И оглянулась в растерянности. Огромной была изба, гулкой, нежилой, а потому студеной и в самый жаркий июльский полдень, как бывает студеным лесной одичалый ключ. Стол, две лавки, четыре стула, шкафчик, да полки, да огромная деревянная кровать, на которой давно уже никто не спал. Два выцветших плаката на стенах, фотографии под стеклом да четыре Почетные грамоты – три мужа и одна ее. С десяток запыленных книг на полке, старый календарь, несколько пожелтевших картинок из «Огонька», что еще Светка прикрепила, и… И все. Икон не было ни в углу, ни на стенах, ни в сундуках, ни в подполе. Не было вообще: их не взяли из старой жизни в новые Красные Жемчуга. Не было икон, и не перед чем было молиться, встать на колени, открыть душу свою и получить облегчение. В молитве можно было обойтись без книжных слов, можно было заменить их своими – лишь бы от сердца шли! – но лишить молитву обращения было невозможно. Она вдруг отчетливо вспомнила строгие темные лики, пронзительно глядящие прямо в душу, и поняла, что не успокоится, не найдет себе места, доколе не увидит этих ликов еще раз, не падет перед ними на колени, не поведает им смущения своего. А решив так, не стала тратить времени: надела темную жакетку, строгий вдовий платок и пошла по Красным Жемчугам.

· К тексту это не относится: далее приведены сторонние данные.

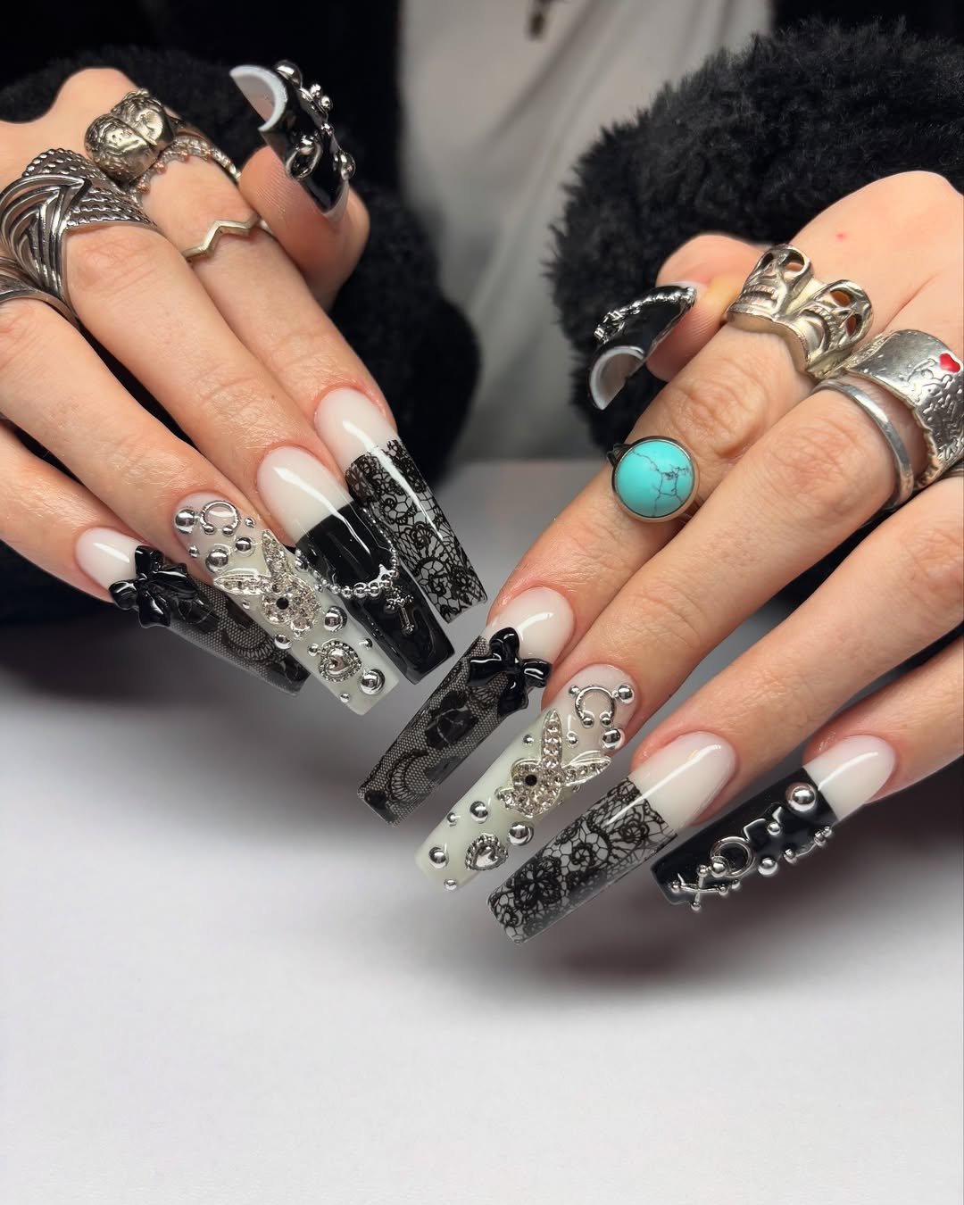 This set embodies boldness through intricate detailing, featuring lace-inspired patterns, metallic embellishments, and three-dimensional accents that exude statement-making energy. It masterfully blends high-fashion aesthetics with a dark, romantic sensibility.

Многое здесь изменилось с послевоенного времени. Исчезли целые семьи с повыбитыми кормильцами, переехали к родственникам одинокие вдовы и матери; кто перебрался в город, кто продал свой дом и ушел неведомо куда; и даже колхоза тут больше не было, а была ферма при совхозе, центральная усадьба которого располагалась в том самом селе, откуда они когда-то уходили с гармошкой и красным флагом. Старуха жила по-деревенски замкнуто, новых соседей не знала и шла сейчас в те три-четыре избы, где еще держался коммунарский дух Красных Жемчугов. И первой на этом пути была старая Тихоновна, когда-то громкая и смешливая старухина подружка.
– Икону?..
В отличие от сухонькой старухи Тихоновна была громоздка, тяжела и басовита. Муж ее погиб все в том же сорок втором, но единственный сын уцелел, отдав войне руку по самое плечо, и бригадирствовал, пока не спился окончательно и не помер в одночасье. Однако до этого успел жениться (выбор был в деревнях в ту пору – хоть из тридцати!) и нарожал столько, что и по сей день не все еще успели разбежаться
– Наши с тобой ведь мужики в День Красных Крестин со всех дворов силой иконы собрали, сложили в кучу да и сожгли. Вспомнила теперь тот костер? Все в нем горело – и материнские благословения, и отцовские наставления, и семейные укрепы. Да, подружка. Силой, помнится, наши покойнички – царствие им небесное! – иконки-то из рук рвали, будто у лютых врагов. А оно вона как обернулось: и лба перед смертью перекрестить не на что.
– Не на что, – робким эхом откликнулась старуха.
Тихоновна долго глядела на нее выцветшими, влажными, как у коровы, глазами. Пожевала толстыми размякшими губами, сказала строго:
– А бога-то ведь нет. Нету его, подружка моя, потому как если бы он был, он бы не допустил. Совершенно бы не допустил.
– Чего не допустил?
– А всего этого. Чтоб, скажем, пили. Чтоб воровали. Чтоб все абы как, а себе – хоть рупь, и тот на водку. Помнишь, как мы за твоим-то шли, подружка? Он впереди с красным флагом, а мы за ним с детями на руках да все семнадцать верст. Идем и поем, поем и идем, и радость такая… Такая… Ты помнишь, подружка, радость ту нашу? Где она сейчас, наша радость, а?
– Где?.. – зазвенело вроде или показалось так старухе, а только опять она увидела стол, сынов и мужа посередке с черными, забитыми землей ртами. – Фашист нашу радость стоптал.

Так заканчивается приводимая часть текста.